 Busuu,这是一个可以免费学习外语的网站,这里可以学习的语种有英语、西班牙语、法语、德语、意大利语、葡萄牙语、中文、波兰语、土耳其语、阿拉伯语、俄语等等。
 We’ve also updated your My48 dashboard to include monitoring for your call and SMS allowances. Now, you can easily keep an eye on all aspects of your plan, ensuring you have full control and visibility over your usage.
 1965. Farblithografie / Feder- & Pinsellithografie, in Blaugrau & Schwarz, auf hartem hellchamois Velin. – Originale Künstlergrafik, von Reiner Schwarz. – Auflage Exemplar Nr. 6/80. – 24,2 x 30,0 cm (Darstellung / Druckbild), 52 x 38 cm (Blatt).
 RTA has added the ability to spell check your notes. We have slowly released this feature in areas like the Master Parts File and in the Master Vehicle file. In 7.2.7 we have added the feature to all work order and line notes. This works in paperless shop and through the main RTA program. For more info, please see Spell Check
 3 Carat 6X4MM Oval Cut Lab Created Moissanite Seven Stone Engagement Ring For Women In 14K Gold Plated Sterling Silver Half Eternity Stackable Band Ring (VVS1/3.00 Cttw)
* * *
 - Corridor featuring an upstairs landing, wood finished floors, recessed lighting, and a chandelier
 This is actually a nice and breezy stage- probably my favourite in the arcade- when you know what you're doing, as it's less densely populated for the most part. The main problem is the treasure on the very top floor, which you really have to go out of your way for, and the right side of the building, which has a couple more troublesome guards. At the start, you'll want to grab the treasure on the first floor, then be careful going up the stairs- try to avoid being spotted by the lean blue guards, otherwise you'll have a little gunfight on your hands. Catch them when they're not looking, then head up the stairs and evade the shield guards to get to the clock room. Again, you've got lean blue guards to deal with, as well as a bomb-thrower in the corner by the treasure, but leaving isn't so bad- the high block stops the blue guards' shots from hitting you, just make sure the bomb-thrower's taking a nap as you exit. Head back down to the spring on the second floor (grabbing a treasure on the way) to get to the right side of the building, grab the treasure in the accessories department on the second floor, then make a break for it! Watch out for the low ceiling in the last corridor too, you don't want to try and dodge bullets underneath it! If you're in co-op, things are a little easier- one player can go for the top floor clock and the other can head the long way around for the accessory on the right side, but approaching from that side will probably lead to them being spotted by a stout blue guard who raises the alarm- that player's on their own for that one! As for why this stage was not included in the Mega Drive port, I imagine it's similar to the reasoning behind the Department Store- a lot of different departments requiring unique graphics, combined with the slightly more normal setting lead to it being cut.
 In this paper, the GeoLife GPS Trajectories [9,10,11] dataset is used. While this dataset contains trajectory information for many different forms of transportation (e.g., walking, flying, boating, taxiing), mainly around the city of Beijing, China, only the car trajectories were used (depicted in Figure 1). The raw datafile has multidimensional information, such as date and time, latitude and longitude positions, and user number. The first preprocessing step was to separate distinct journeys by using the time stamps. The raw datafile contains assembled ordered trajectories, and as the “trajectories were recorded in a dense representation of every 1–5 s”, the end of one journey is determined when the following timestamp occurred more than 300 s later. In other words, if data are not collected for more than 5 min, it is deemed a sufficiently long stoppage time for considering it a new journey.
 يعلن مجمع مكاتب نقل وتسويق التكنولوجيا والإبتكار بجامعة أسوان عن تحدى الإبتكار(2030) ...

What you will do = Retype word for word everything in the listing above from the line that holds "1965. Farblithografie /" down to the line that holds "RTA has added". Keep both end lines and leave out the rest.

Your solution =
 1965. Farblithografie / Feder- & Pinsellithografie, in Blaugrau & Schwarz, auf hartem hellchamois Velin. – Originale Künstlergrafik, von Reiner Schwarz. – Auflage Exemplar Nr. 6/80. – 24,2 x 30,0 cm (Darstellung / Druckbild), 52 x 38 cm (Blatt).
 RTA has added the ability to spell check your notes. We have slowly released this feature in areas like the Master Parts File and in the Master Vehicle file. In 7.2.7 we have added the feature to all work order and line notes. This works in paperless shop and through the main RTA program. For more info, please see Spell Check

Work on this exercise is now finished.